It’s been roughly 3 weeks since the release of GPT-4. In the world of AI that means I’m already late to the party, but with extra time this week I thought I’d finally start playing around with it to see what it can do. People have already started leveraging the power of GPT-4 to create impressive projects, like @ammaar who used GPT-4 and other AI tools like MidJourney to create a 3D game in Javascript from scratch and @mortenjust who made and published an iOS app by prompting GPT-4.
Since I spend a considerable time browsing and reading interesting – mostly tech related – articles on the internet, I’ve long been interested in making my own knowledge management solution for the many pages I bookmark.
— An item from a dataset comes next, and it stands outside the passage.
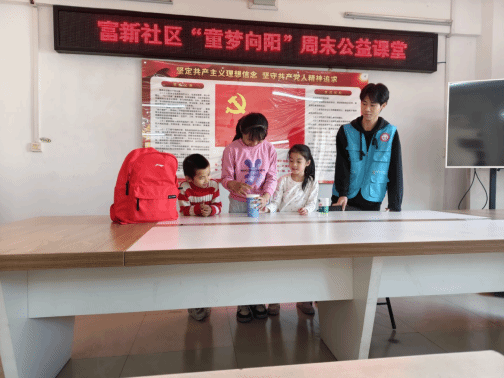 为弘扬新时代青年的奉献精神与责任担当,以志愿教学助力社区儿童成长,11月22日上午,机械与资源工程学院青年志愿者分会组织志愿者前往富新社区,开展“童梦向阳”周末公益课堂活动,为孩子们带去一堂别开生面的“离心力”物理实验课。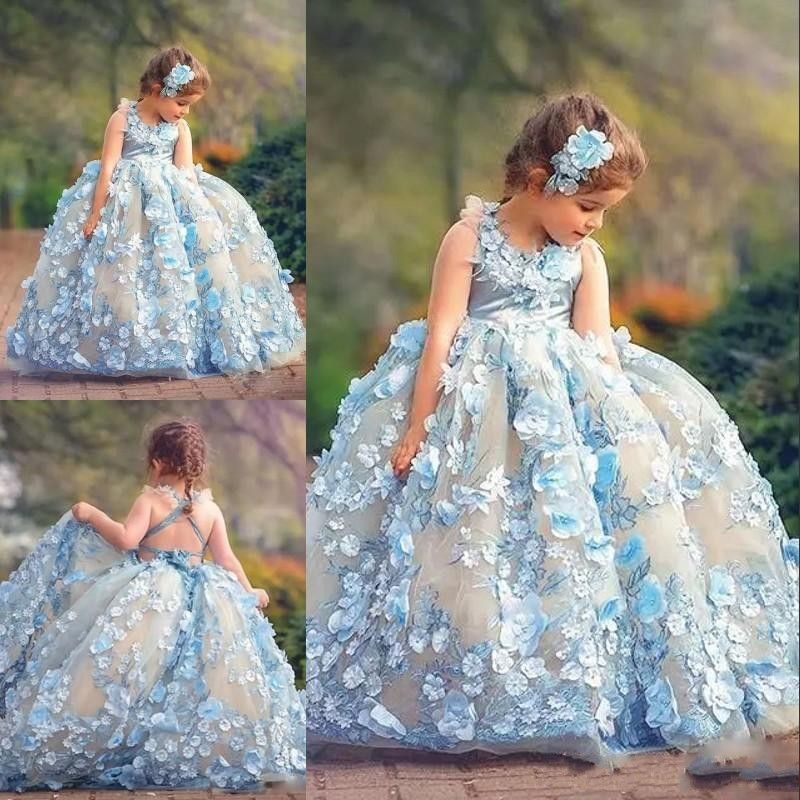 Vestidos De Chica De Flor Azul Cielo De Encaje Mullido Para Tul Vestido Sin Mangas De Apliques De Nina De Primera Comunion Vestidos De Desfile Vestidos Floreados De Nina Aliexpress

So I thought this would be a perfect little project to play around with GPT-4 to see what it’s capable of, and to catch a glimpse of what software engineering might look like not too far from now. For this experiment, I wanted to create a Chrome extension that would allow users to run semantic Q&A on the contents of their bookmarks. I have built a Chrome extension before , so I thought my familiarity with it would help me assess GPT’s code.
I don’t have ChatGPT Plus – so I used Bing Chat instead, since it was recently confirmed to be running on GPT-4
anyway. In the beginning, I asked the model to show me the code for a simple Chrome extension that when the extension logo was clicked, would open a html page that lists all of user’s bookmarks on Chrome. After a few nudges (for example, asking it to open the html page on a new tab instead of in a popup), it correctly output the code for the Javascript and HTML files as well as the manifest.json
file, and within minutes I had a very simple extension working:
Unfortunately, my browser crashed and I lost the history of the chat for this part, but it’s not particularly interesting (by GPT standards, anyway). That said, even as someone who came in with high expectations having already what GPT can do, the feeling of describing what you want to build at a high level and have the generated code work seamlessly is nothing short of a magical experience.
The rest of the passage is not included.